▶ **Instructions to follow**: Given the material below, output exactly the lines from the line with "這款靈芝孢子粉膠囊的禮盒設(shè)計(jì),充分融合" to the line with "ALREADY GRADED A+| HSC 4537 EXAM REVIEW||", both ends included, and no other lines.

▶ **Material for this exercise**:
━━━

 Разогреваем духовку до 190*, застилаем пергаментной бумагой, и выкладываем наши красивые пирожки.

━━━

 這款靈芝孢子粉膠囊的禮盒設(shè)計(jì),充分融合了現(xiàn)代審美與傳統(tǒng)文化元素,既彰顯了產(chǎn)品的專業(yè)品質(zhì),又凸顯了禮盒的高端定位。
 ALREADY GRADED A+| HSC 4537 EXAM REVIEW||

━━━

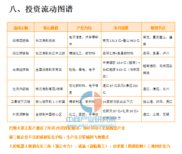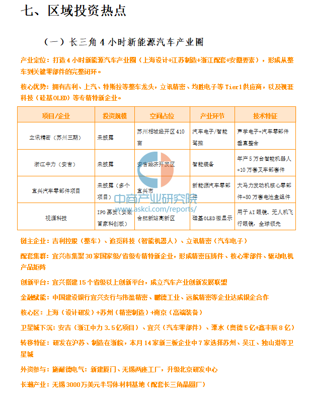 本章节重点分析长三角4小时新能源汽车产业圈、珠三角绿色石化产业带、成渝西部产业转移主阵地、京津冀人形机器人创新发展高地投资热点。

━━━

▶ **Final answer**:
 這款靈芝孢子粉膠囊的禮盒設(shè)計(jì),充分融合了現(xiàn)代審美與傳統(tǒng)文化元素,既彰顯了產(chǎn)品的專業(yè)品質(zhì),又凸顯了禮盒的高端定位。
 ALREADY GRADED A+| HSC 4537 EXAM REVIEW||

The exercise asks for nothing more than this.